4 tablespoons Extra virgin olive oil
1 teaspoon White wine vinegar
1 teaspoon Dijon mustard
1 teaspoon Fine sea salt

  1. With a sharp knife cut away the ends of the orange, then remove just the peel; be careful to cut away as little flesh as possible.
  2. Cut along each side of the membrane that divides the orange, remove the seeds and cut each segment in three parts crosswise, set aside.
  3. In a large pot, bring 1 1/2 gallons of water to a rolling boil. 

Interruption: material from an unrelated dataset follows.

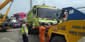 Sopir Truk Mengantuk Tabrak Pembatas Jalan di depan Chingluh Tangerang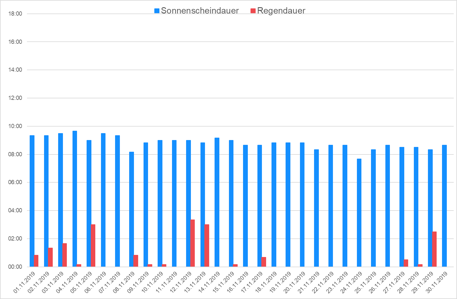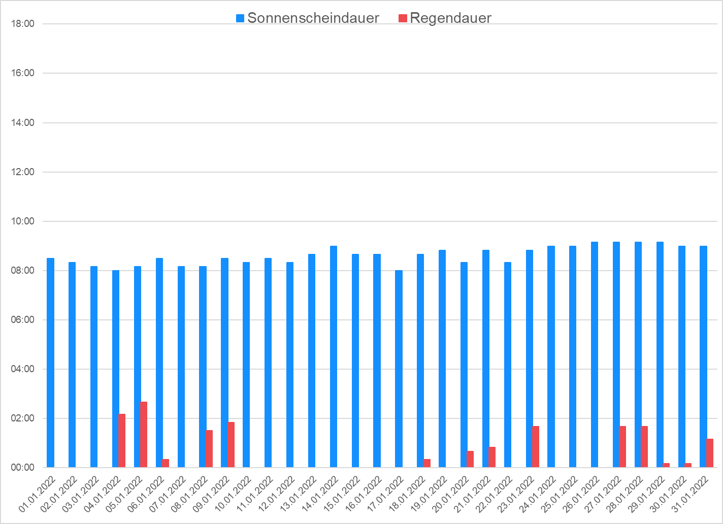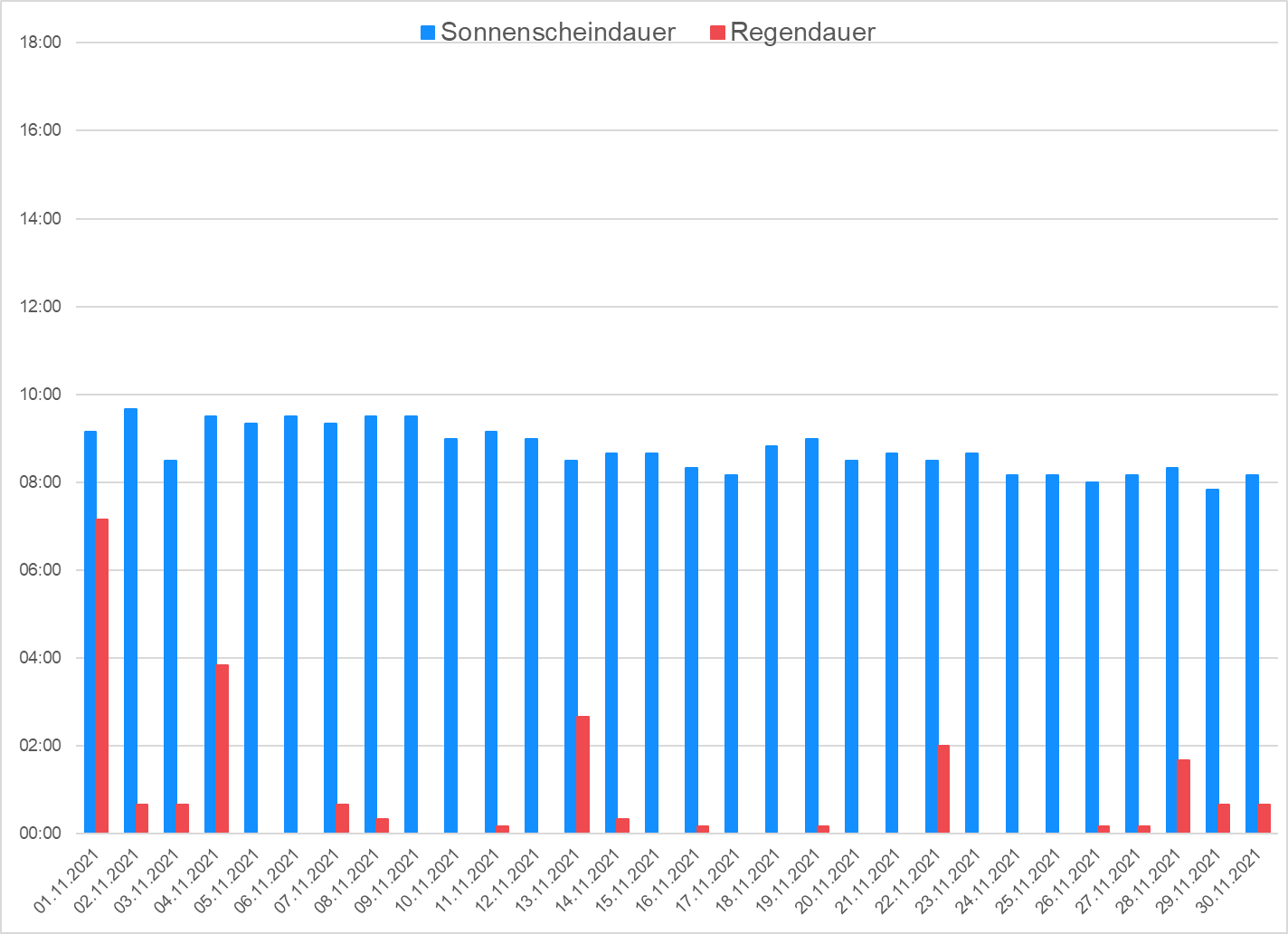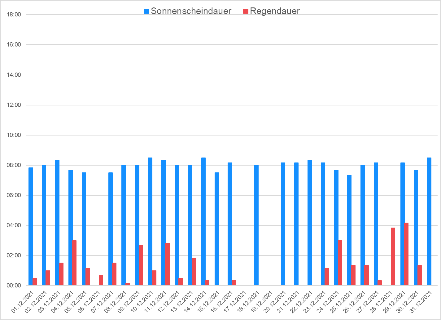 In den Sommermonaten, wenn die Tage lang sind und die Sonne hoch über dem Horizont steht, sorgen Wolken und Niederschlag für größere Schwankungen. In den Wintermonaten, wo die Sonne nur kurz und schwach scheint und es typischerweise mehr Bewölkung und Niederschlag gibt, sind die täglichen Schwankungen wesentlich geringer. Deutlich erkennbar sind auch die längeren Schönwetterphasen im April 2020 und Juni 2021.

  4. Add the coarse sea salt (4 tablespoons) then add the pasta and cook until al dente. 
  5. Drain well in a colander.
  6. Put pasta in a bowl and toss with 3 tablespoons extra virgin olive oil, then lay the pasta on a sheet of greaseproof paper to cool overnight.
  7. In a large bowl, combine cooled pasta, anchovies, pine nuts, orange pieces, mozzarella, capers, and raisin, mix well.
  8. In a small bowl combine yogurt, basil, mint, and chives, set aside.
  9. Just before serving, prepare the vinagrette by combining vinegar, mustard, and salt.
  10. Gradually whisk in the oil, then add to the yogurt mixture and mix well.
  11. Before serving pour the vinaigrette over the salad and gently toss.